_Records supplied_
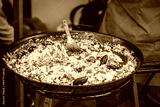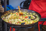 Large frying pan with cooked Spanish paella with seafood. Outdoors food, barbecue, Street food concept
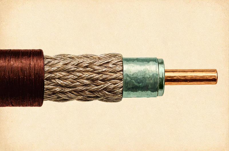 Для удовлетворения этих требований в 1929 году был создан коаксиальный кабель, который заслуживает подробного рассмотрения. Несмотря на появление более современных технологий, таких как Ethernet и оптоволокно, коаксиальные кабели продолжают активно использоваться и скоро отпразднуют свой вековой юбилей.
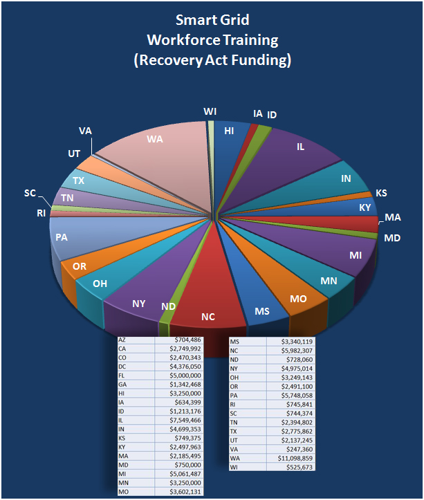 [...] smart grid workforce training. These funds, the latest distributions from the Recover Act, will be distributed among the states, with the largest state grants going to Washington, Illinois, North Carolina, and [...]
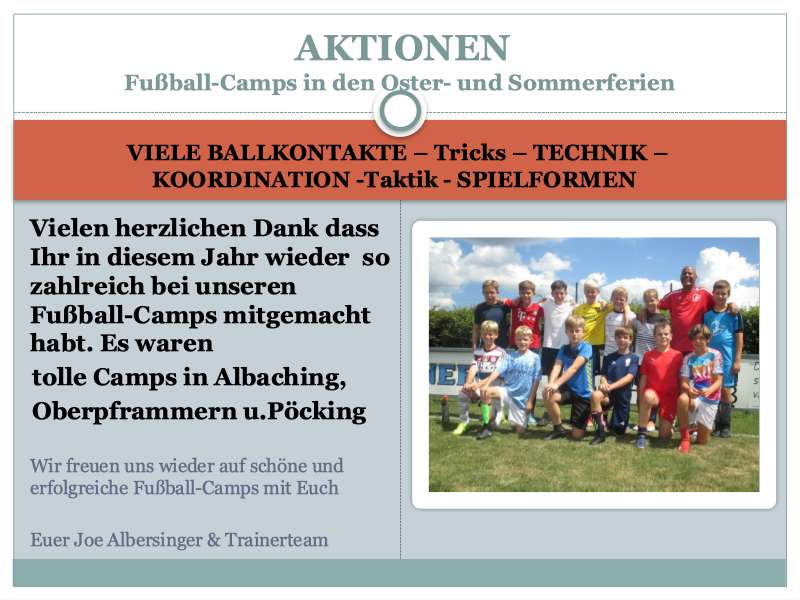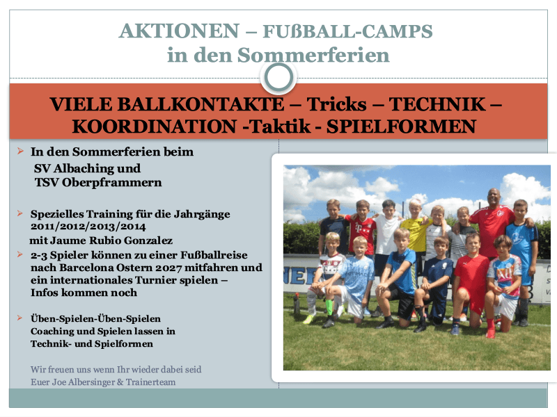 Wir haben das Beste daraus gemacht und sind rücksichtsvoll mit der Situation umgegangen. Vielen Dank an den SV Albaching und an die Gemeinde Albaching, allen voran Bürgermeister Rudolf Schreyer und das Landratsamt Rosenheim, die es ermöglicht haben, dass wir unsere Fußball-Ferien durchführen konnten.
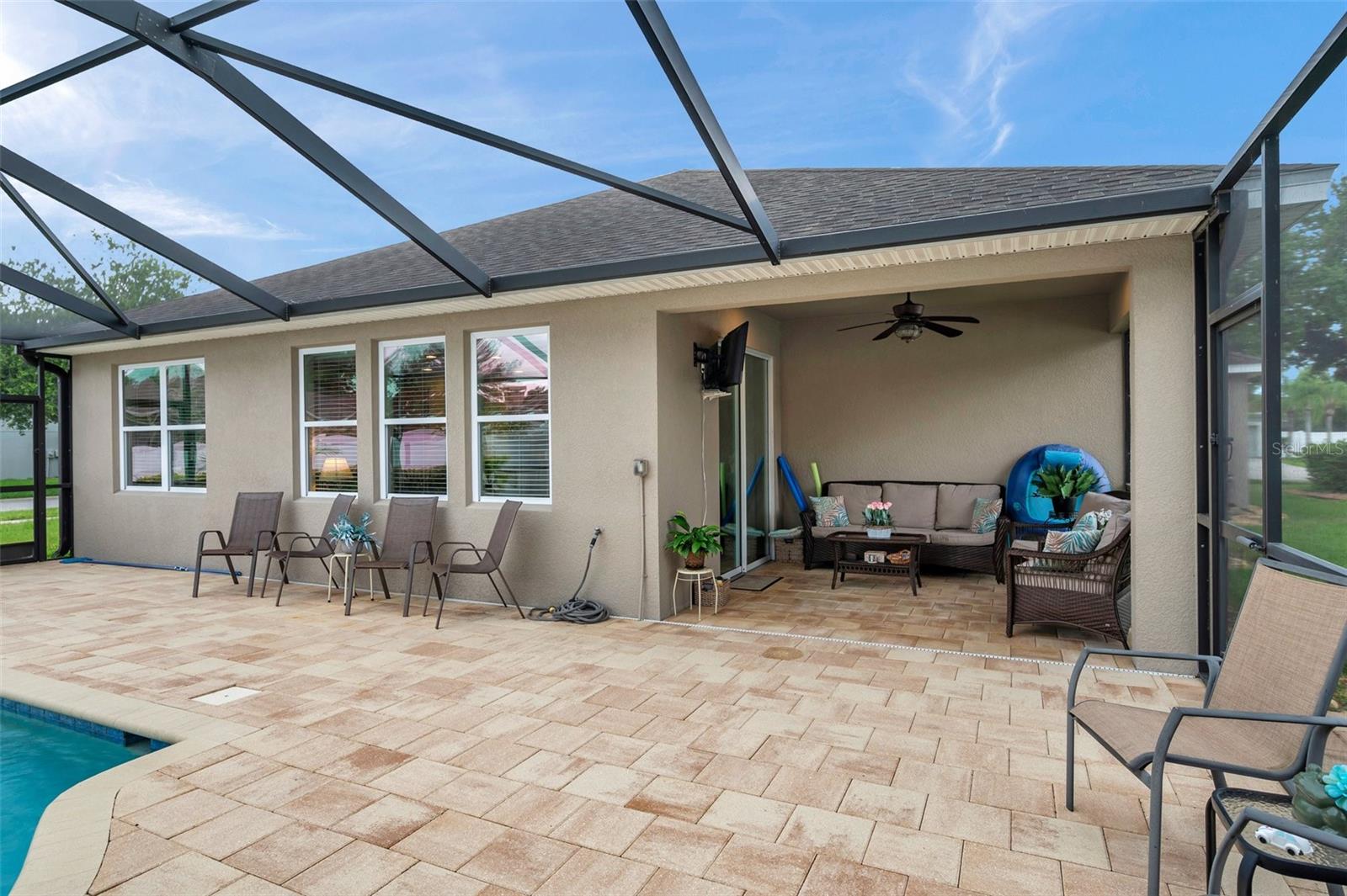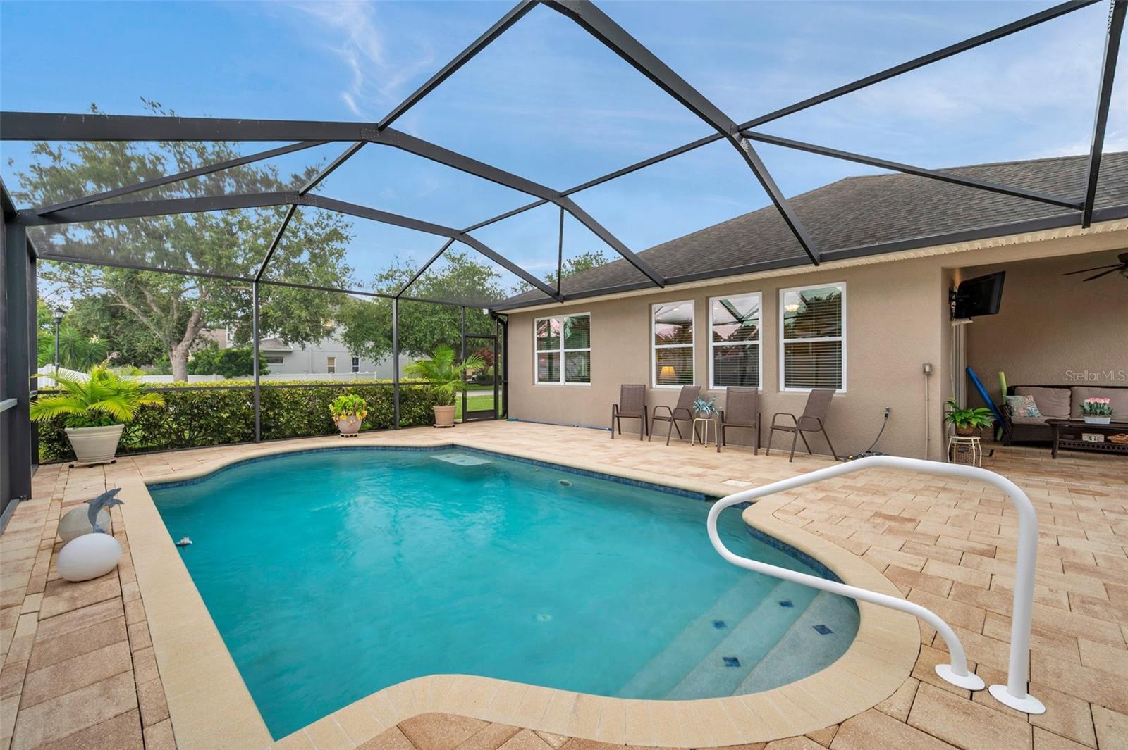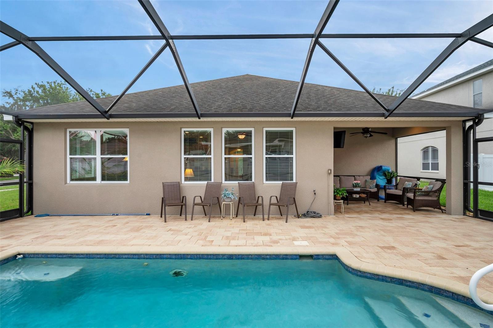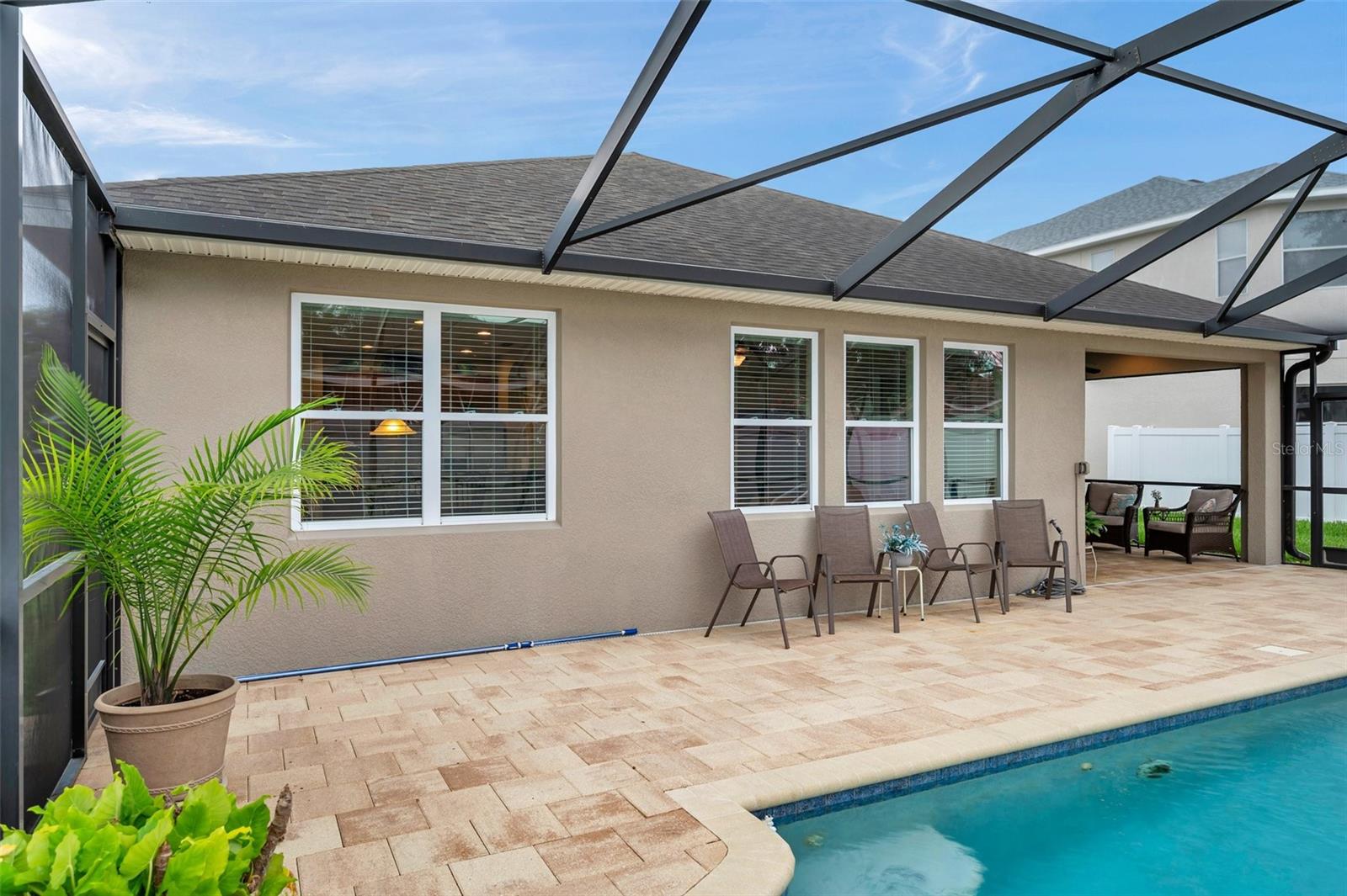 Welcome home to this beautifully maintained 3-bedroom, 2-bathroom gem located in the quiet and desirable community of Dover. Set on a spacious lot, this single-story home combines modern convenience with a welcoming atmosphere—perfect for families, professionals, or anyone seeking a peaceful Florida lifestyle. Step inside to an open-concept layout filled with natural light, highlighting the spacious living area, high ceilings, and stylish finishes. The well-appointed kitchen features granite countertops, stainless steel appliances, a breakfast bar, and plenty of cabinetry—ideal for both everyday living and entertaining. The split-bedroom floor plan offers privacy, with a large primary suite that includes a walk-in closet and an ensuite bath with dual sinks, a soaking tub, and a separate shower. Two additional bedrooms provide flexibility for guests, a home office, or a growing family. The home's bedrooms have LUXURY VINYL and with the NEWER AC you have nothing to worry in the warm summer months. Enjoy Florida’s sunshine in your oversized backyard—perfect for grilling, gardening, or relaxing with a cup of coffee. Don't forget about the meticulously maintained SALT WATER pool ( built in 2016) to enjoy the extra water fun in your backyard. With low HOA fees and a serene neighborhood feel, this home is a rare find in a rapidly growing area.
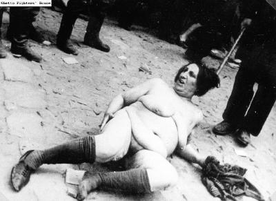По всей видимости, снова эта же женщина. Погромщик бьет её палкой. Молодой девушки, которую она прижимала к себе перед раздеванием - уже нет рядом.
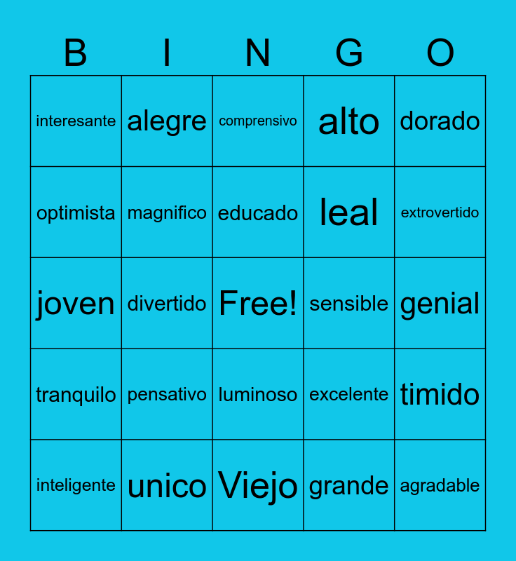 This bingo card has a free space and 77 words: Abierto, bien educado, comprensivo, decidido, emocionado, bajo, Afortunado, confundido, feliz, natural, calmado, cariñoso, educado, optimista, generoso, divertido, ligero, agradable, deportista, dorado, imaginativo, joven, magnifico, alegre, alto, amable, ambicioso, amigable, bonito, bueno, paciente, dulce, loco, excelente, extrovertido, leal, excepcional, fuerte, genial, grande, guapo, gracioso, hermoso, honesto, humilde, importante, inteligente, interesante, listo, justo, limpio, luminoso, moreno, maravilloso, nervioso, nuevo, organizado, ordenado, orgulloso, pelirojo, pensativo, pequeño, querido, responsable, relajado, rubio, serio, sensible, sincero, sociable, travieso, timido, tranquilo, unico, valiente, Viejo and viajero.
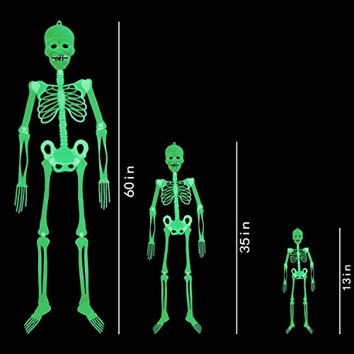 NAUZE 3 pezzi di Halloween appeso scheletro luminoso decorazioni incandescente scheletro scuro Halloween decorazioni da appendere per feste di Halloween (152,4 cm, 88,9 cm, 33 cm)
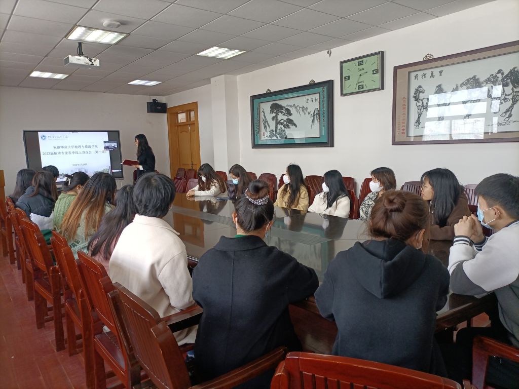 组织地理科学等专业开展春季“线上+线下”招聘双选会,本次会议采取企业线上宣讲,学生线下线上参会模式,会议由毕业班辅导员丁茹栩主持。
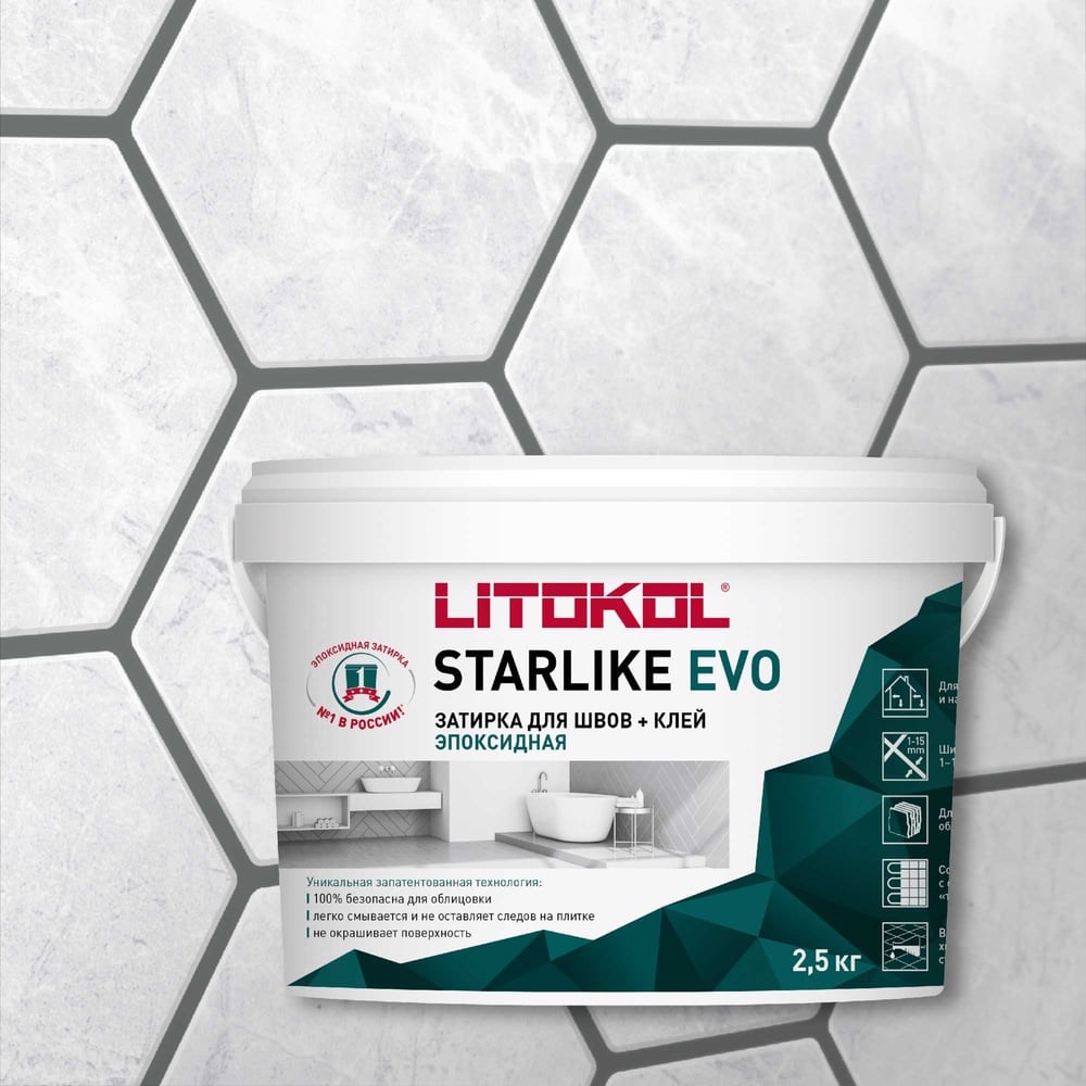 STARLIKE EVO двухкомпонентный эпоксидный кислотостойкий, щелочестойкий состав для затирки межплиточных швов с шириной шва от 1 до 15 мм и использования в качестве клея для всех видов облицовочной плитки и мозаики. Компонент А представляет собой смесь эпоксидной смолы, цветных микросфер и специальных органических добавок. Компонент В — инновационный органический катализатор (отвердитель). После смешивания компонентов А и В получается кремообразный состав удобный в работе. После полной полимеризации обладает непревзойденной гладкостью поверхности шва, высокой стойкостью к механическим воздействиям и превосходной химической стойкостью. Область применения: для внутренних и наружных работ, затирка швов, укладка плитки или мозаики, бассейны, душевые кабины, кухни, ванные комнаты и т.д.
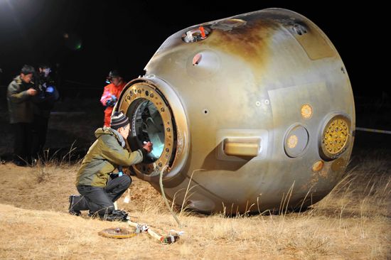 神舟八号返乡之旅需经过制动飞行(告别轨道舱),自由滑行,再入大气层(100公里上空,与推进舱分离)和着陆四个阶段,当返回舱降到距地面10公里时进入最后的着陆阶段,回收着陆系统启动工作,由程序控制器及362C时间控制器(备份)按预设时间程序发出指令,分别控制完成——弹出主伞舱盖,拉出引导伞,减速伞,牵顶伞和主伞,抛防热大底……闪光灯供电,直到着陆前数秒缓冲发动机点火 db彩票app下载,脱主伞等一系列动作,完成回收着陆。
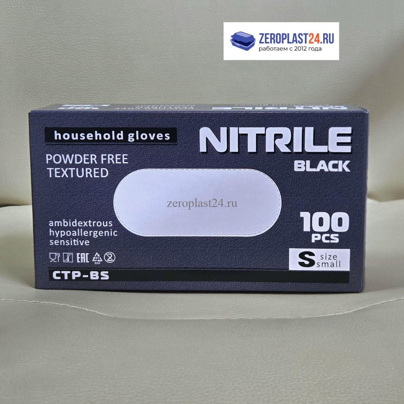 Перчатки нитриловые черные размер S, 100 шт. в уп СТР
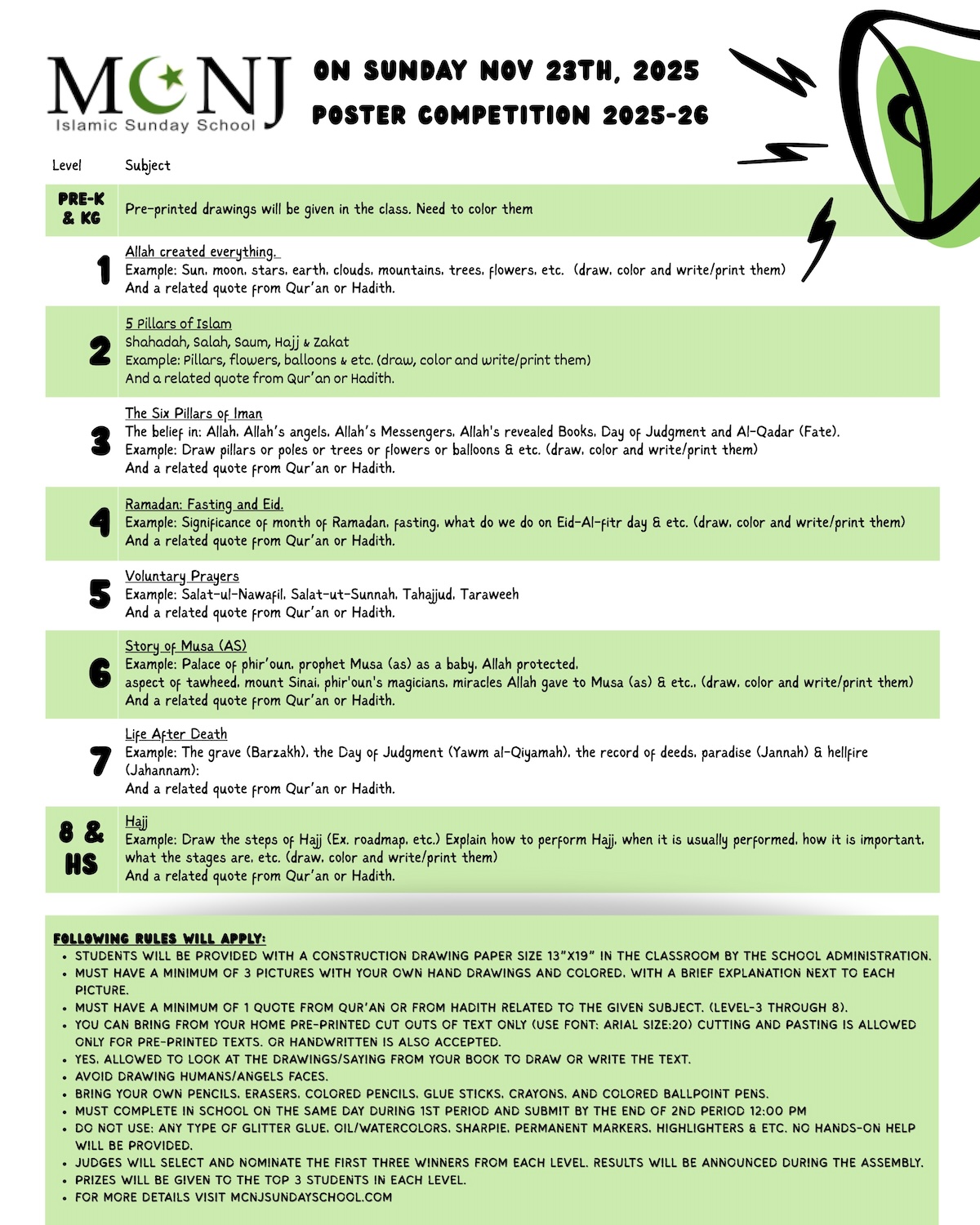 There will be a poster competition in the class on Sunday, Nov 23rd, 2025. All students are encouraged to practice at home and come prepared for this event.

_Aim of the task_
A faithful copy is needed of the lines from the one containing "Перчатки нитриловые черные" through the last line of the data above, with pictures left out.

_Answer space_
 Перчатки нитриловые черные размер S, 100 шт. в уп СТР
 There will be a poster competition in the class on Sunday, Nov 23rd, 2025. All students are encouraged to practice at home and come prepared for this event.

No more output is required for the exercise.